8 Tips for Choosing the Best Sugaring Paste
Ten years ago in 2010, beauty professionals in the states had access to about three or four sugaring pastes. Now there are SO many more to choose from. There is no surprise newer sugaring professionals beg to ask, “Which sugaring paste is the BEST?” or “Which paste is your favorite?” As a new sugarist, though the choices may be overwhelming, you would be doing yourself a disservice to make a decision on sugaring paste based on your colleague’s “favorite sugaring paste”. Sugaring paste is volatile and responds to environmental differences such as temperature, humidity, client body temperature, and the technician’s body temperature. Therefore what one sugar pro will love, another will not. I hope to offer you some insight that will guide you in making the decision right for you.

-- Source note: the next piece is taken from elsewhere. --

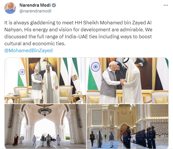 इससे पहले पीएम ने एक और ट्वीट में तस्वीरें साझा कीं, जिसमें संयुक्त अरब अमीरात के राष्ट्रपति पीएम मोदी को फ्रैंडशिप बैंड पहनाते नजर आ रहे हैं. अपने ट्वीट में पीएम ने लिखा, "शेख मोहम्मद बिन जायद अल नाहयान से मिलकर हमेशा खुशी होती है. उनकी ऊर्जा और विकास की दृष्टि सराहनीय है. हमने सांस्कृतिक और आर्थिक संबंधों को बढ़ावा देने के तरीकों सहित भारत-यूएई संबंधों पर चर्चा की."
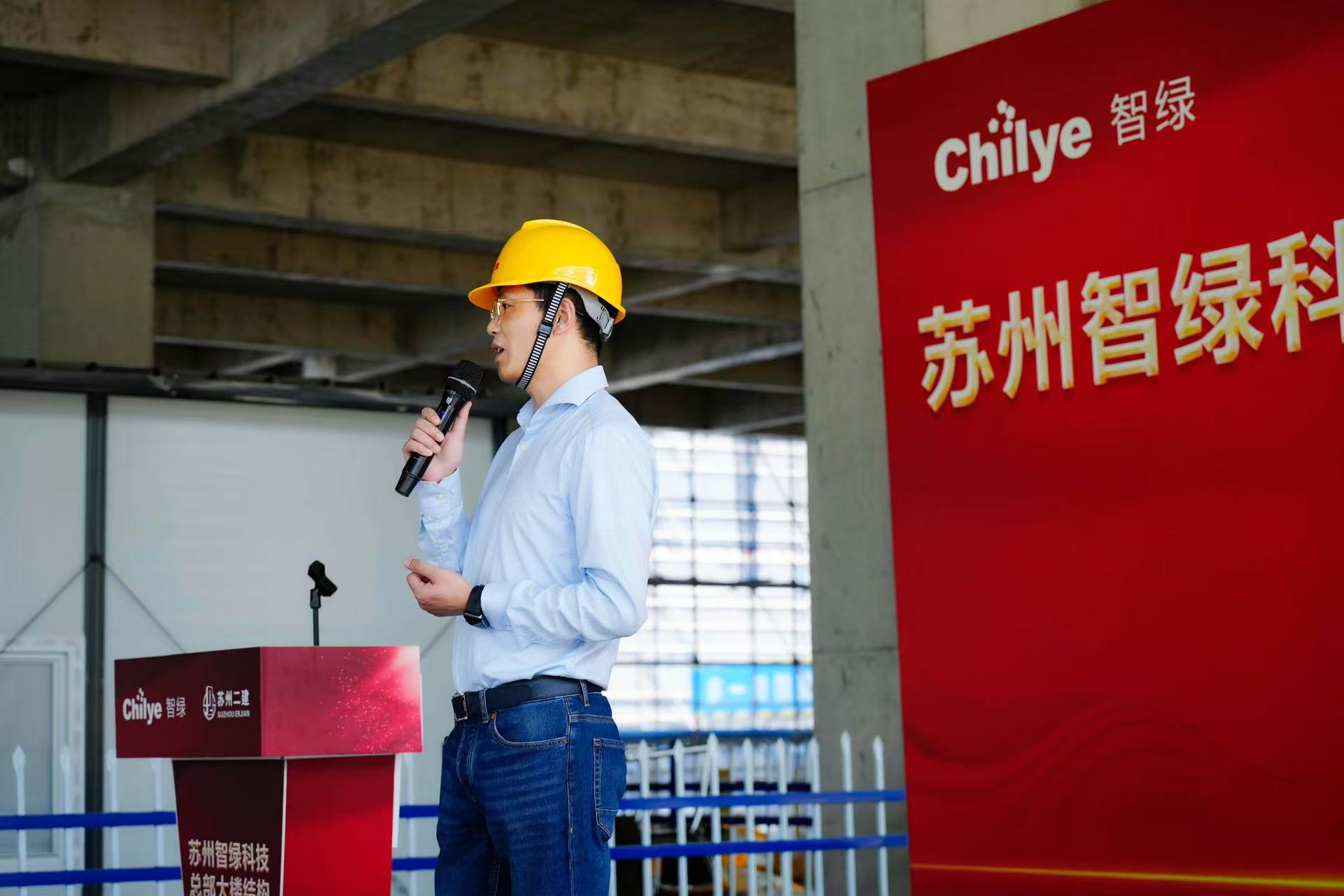 在主持人的邀請(qǐng)下以及現(xiàn)場熱烈的掌聲中,智綠科技董事長尹家彤先生隆重登臺(tái),為此次封頂大會(huì)致辭。

What makes a great sugaring paste? Here are 8 tips to assist you in choosing the very best paste for YOU! Click here ► For the complete list of Sugaring Paste Manufacturers
1. Professionally Manufactured
I know some of my most beloved colleagues will want to burn me at the stake for this one. I cannot use sugar paste that is home made from one’s kitchen in a professional setting. I will write about this topic in a separate post. For now, though the odds are low, it can pose a liability. If a client were to contract staph and file a suit, the insurance company may want to know the products I used. A kitchen sugar will probably not warrant a paid claim. Therefore I expect the manufacturer of a paste to produce in a sterile and safe environment.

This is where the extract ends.